Data file available here: World_GDP_Data_2017

The code in this lesson was written in a Juypter Notebook. This means it can be run sequentially using IPython. If you wish to use non-interactive Python you can create a `.py`

file and run it as you normally would, omitting any special directives such as `%load_ext nb_black`

. You may also need to add `print`

statements in some situations to obtain output.

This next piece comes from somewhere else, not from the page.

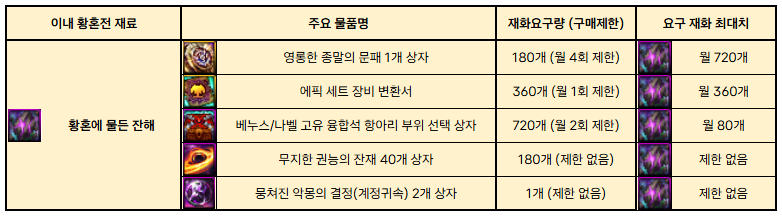 <표 4>는 이내 황혼전 보상인 '황혼에 물든 잔해'로 구매할 수 있는 품목의 일부를 나열한 것입니다.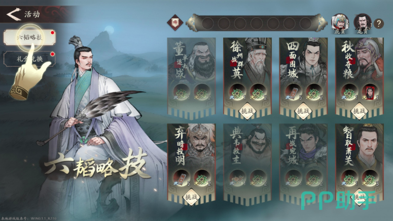 其实从大致整体玩法上来看,六韬略计和见真章,这两部分的玩法是极其相似的,不过对比难度来看,六韬略计的难度会更高,目前一共有8个关卡,每个关卡的具体难度差异各不相同,玩家在成功通关后累计4个虎,也包括龙在内,就可以获得于禁这个将领,累计获得6个龙评分就可以领取贾诩。而想要进入该游戏,可先点击右上角的活动按钮,然后就可以进入到六涛关卡,这8个关卡内容分别是董卓追击战,徐州战群英,四面围城,秋收夺梁,弃暗投明,典韦救主,再战宛城,智取萧关。

## Creating Descriptive Statistics for GDP per Capita with Python

```
# Optional auto-formatting. Installation required (`pip install nb_black`)
%load_ext nb_black
# Import required modules
import pandas as pd
import numpy as np
import matplotlib.pyplot as plt
```

```
# Read data into a dataframe. The data file should be in the same directory as your script,
# or adjust the path to fit your directory structure.
# The raw data has no column headers.
df = pd.read_csv("World_GDP_Data_2017.txt", sep="\t", header=None)
# Display the first 5 items of the dataframe.
df.head()
```

0 | 1 | 2 | 3 | 4 | |
---|---|---|---|---|---|

0 | 1 | Qatar | $128,647 | $61,264 | 752% |

1 | 2 | Macao | $115,367 | $80,890 | 675% |

2 | 3 | Luxembourg | $107,641 | $105,280 | 629% |

3 | 4 | Singapore | $94,105 | $56,746 | 550% |

4 | 5 | Brunei | $79,003 | $28,572 | 462% |

```
# Add headers so can reference the data by column name.
df.columns = ["rank", "country", "ppp", "nominal", "~world"]
df.head()
```

rank | country | ppp | nominal | ~world | |
---|---|---|---|---|---|

0 | 1 | Qatar | $128,647 | $61,264 | 752% |

1 | 2 | Macao | $115,367 | $80,890 | 675% |

2 | 3 | Luxembourg | $107,641 | $105,280 | 629% |

3 | 4 | Singapore | $94,105 | $56,746 | 550% |

4 | 5 | Brunei | $79,003 | $28,572 | 462% |

It’s going to be hard to work with the values in the `nominal`

column as they are strings:

```
type(df.nominal[0])
```

```
str
```

so we are going to perform a conversion to make the values numeric.

```
# Convert `nominal` column data to float values using `replace` and regular expressions.
df["nominal"] = df["nominal"].replace({"\$": "", ",": ""}, regex=True).astype(int)
df.nominal.head()
```

```
0 61264
1 80890
2 105280
3 56746
4 28572
Name: nominal, dtype: int32
```

Now that we have numeric values for nominal GDP, we can use various methods to analyse and represent the data. A powerful pandas method for calculating descriptive statistics is `describe()`

:

```
df.nominal.describe()
```

```
count 190.000000
mean 14303.668421
std 19155.257580
min 293.000000
25% 2008.000000
50% 5765.000000
75% 16617.000000
max 105280.000000
Name: nominal, dtype: float64
```

This gives us some key values which give us insight into the data. A brief description of the values follows:

- count: How many data points were included?
- mean: What was the mean value? (The mean is one particular type of average.)
- std: How widely distributed are the values?
- min: The minimum value.
- 25%: Value beneath which 25% of the data falls.
- 50%: Value beneath which 50% of the data falls (the median).
- 75%: Value beneath which 75% of the data falls.
- max: The maximum value.

## Boxplot for GDP per Capita

We can create a visual representation of the data using various types of graph. A **boxplot** is an excellent way to get a sense of how the data is distributed, and provides an easy way to understand some of its important properties. The vertical lines, from left to right, correspond to the following values from the descriptive statistics above: `min`

, `25%`

, `50%`

, `75%`

, `max`

. By default, `matplotlib`

also shows **outliers**. These are data points which lie significantly beyond the bulk of the data in either direction, according to a set rule.

```
plt.boxplot(df.nominal, vert=False, patch_artist=True)
plt.title("Nominal GDP per Capita 2017 in USD.")
plt.show()
```

Now that we have a boxplot, it becomes quite easy to make some initial inferences about the data. For example, we can see that the data is positively skewed. If you haven’t learned what this means yet, just observe that the image is not symmetric about the median value (the 50% value from the table above), and consider what this might tell us about the data. We will look at skew in another lesson. We can also see that there are a significant number of outliers.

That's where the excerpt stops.